At the door to the upper landing she paused. She should go downstairs and light the kitchen fires first, if Rollo hadn’t already, but then she would only have to come back up again to light the fire in Aidan’s room.
Besides, you really want to see him again, a small voice whispered.
She didn’t, but neither could she deny herself, and so she crept quietly toward his room. Once there, she slowly and carefully nudged the door open and tiptoed inside. Sunlight was only just starting to creep over the horizon, and bathed the room in various shades of grey, but it was enough to allow her to see.
Her cry of dismay was smothered by her hand when her eyes landed on a scene she knew would remain with her for the rest of her life. At first, she couldn’t quite believe what was before her.
Outright denial was her first instinct. That couldn’t possibly be Aidan lying on his side in the bed, one long arm tucked around Edwards, could it? But she knew that it could be – and indeed was. The room swam alarmingly at the sight of the woman’s bared shoulders poking out from beneath the covers.
Petal felt sick at the horrifying realisation that she had been taken for a gullible fool began to sink in. There was no explanation for what she saw other than he had not been as decent, or as honest, as he had led her, and practically everyone else in the house, to believe.
The longer she stood there, the more something within her died. Hope, maybe? Whatever it was fuelled a survival instinct she hadn’t realised she possessed. It certainly gave her the strength to get out of the room and close the door behind her just as quietly as she had opened it.
Rather than make her way downstairs to start her chores, she returned to her room and woodenly began to pack her b
elongings into the small bag she had brought with her.
With no way to pen a note to her friend, she gathered her shawl around her stiff shoulders and left the room. She would leave a note for Rollo and ask him to tell Aggy that she would see her in the village on her next day off. She could explain everything then. Aggy need never know what had truly transpired to make her leave the position she had always dreamed of. However, Petal suspected that the gossip about her departure would be spread. She quickly blanked out what that gossip would be about; she rather suspected with Edwards in the house there would be no question that her reputation would be beyond repair.
Once in the kitchen, Rollo eyed the bag she carried and sighed deeply.
“Have you spoken to him?”
Petal sucked in a deep breath and shook her head. She couldn’t bring herself to tell him. The words hovered in the darker recesses of her mind, and she refused to even contemplate the image that now lingered there.
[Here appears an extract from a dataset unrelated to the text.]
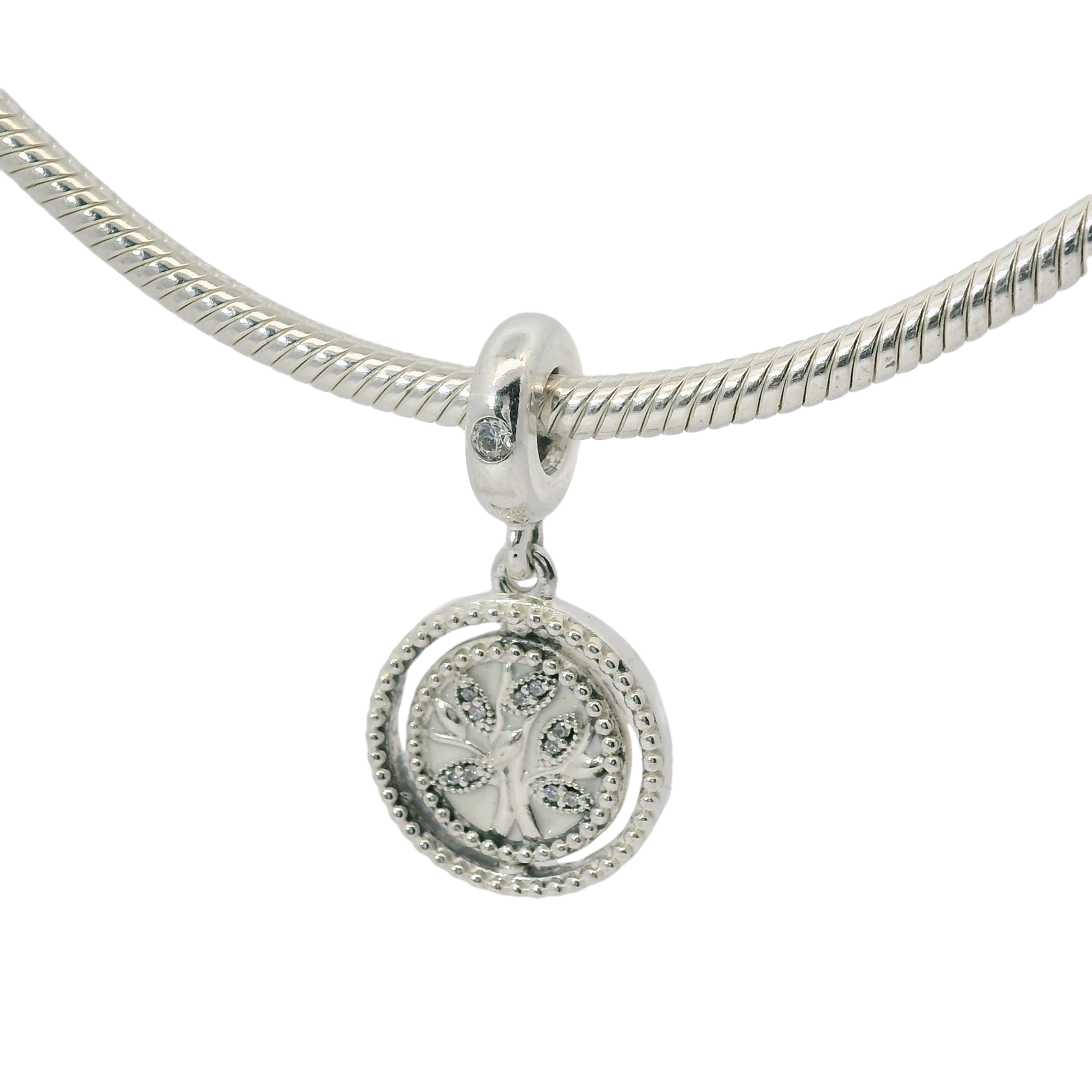 Enhance your PANDORA collection with the Sterling Silver Spinning Tree of Life Charm, handcrafted with precision and featuring genuine silver. This unique charm spins on its axis, symbolising the constant growth and connection of the Tree of Life. Add a touch of elegance and meaning to your charm bracelet.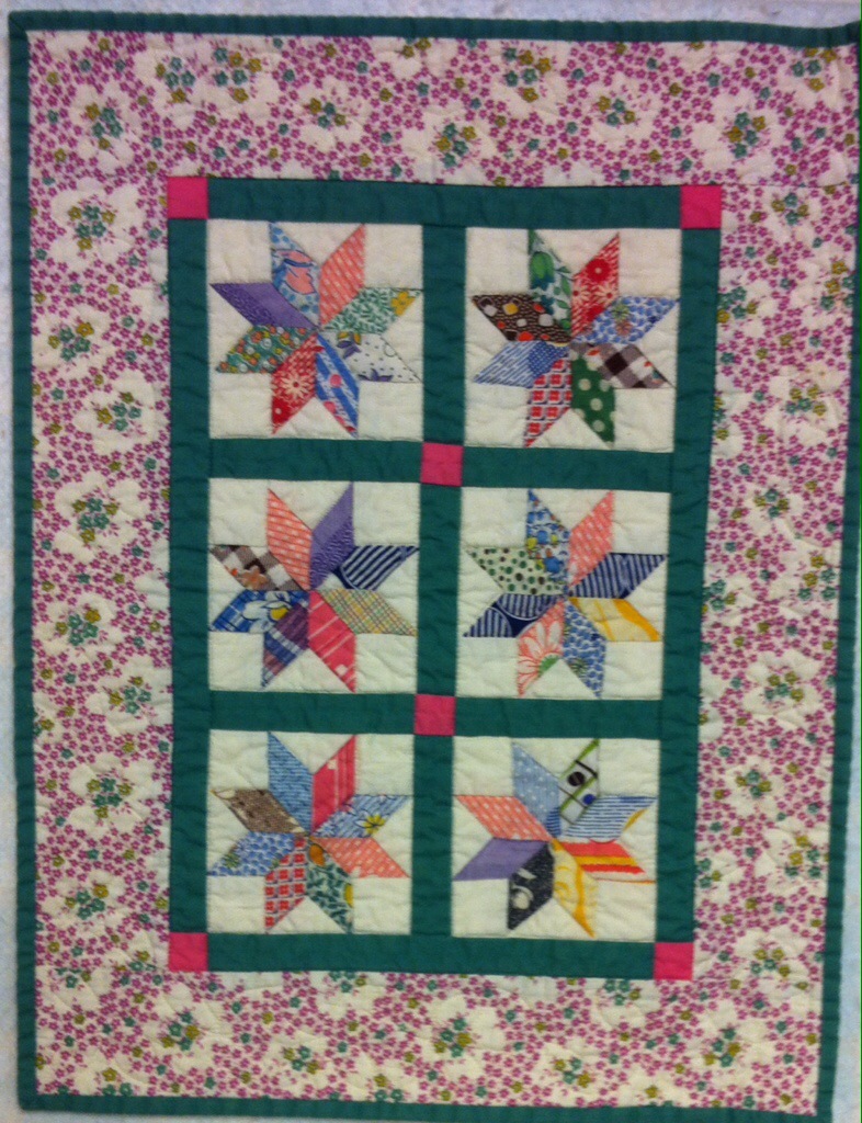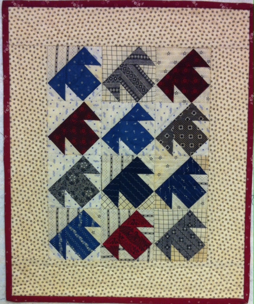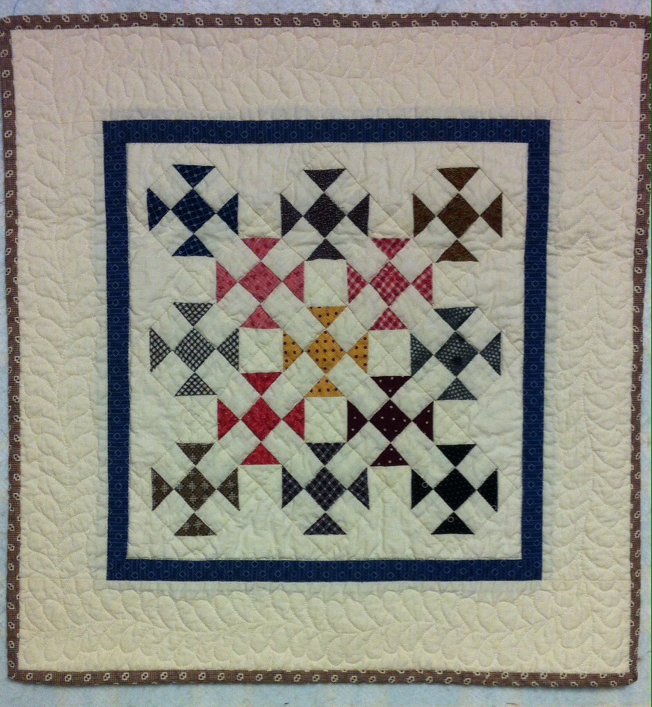 The background fabric is new but the colored fabrics in the churn dash are vintage. The blocks are 3″.

“He is a little busy right now,” she replied woodenly.
Rollo frowned. “At five o’clock in the morning?”
“Edwards is there.” She walked out of the house without saying anything else, leaving Rollo staring at her in shock.
As she walked through the gardens at the back of the house, she saw nothing of the neatly tended lawns and boxed hedges, or the folly nestled beneath the dangling branches of an enormous willow tree. She was blessedly numb. The steady patter of rainfall that soaked her skin and chilled her flesh didn’t even register on her senses. She felt little of the goose bumps on her arms, and merely clenched her fingers tighter against the early morning breeze that nipped at her fingers.
Nothing mattered to her now except for reaching the sanctuary of home. Her real home; the farm she shared with her father. The refuge she knew awaited her would always be with her father. She knew, deep inside, that as long as she could get there then everything would be alright with the world.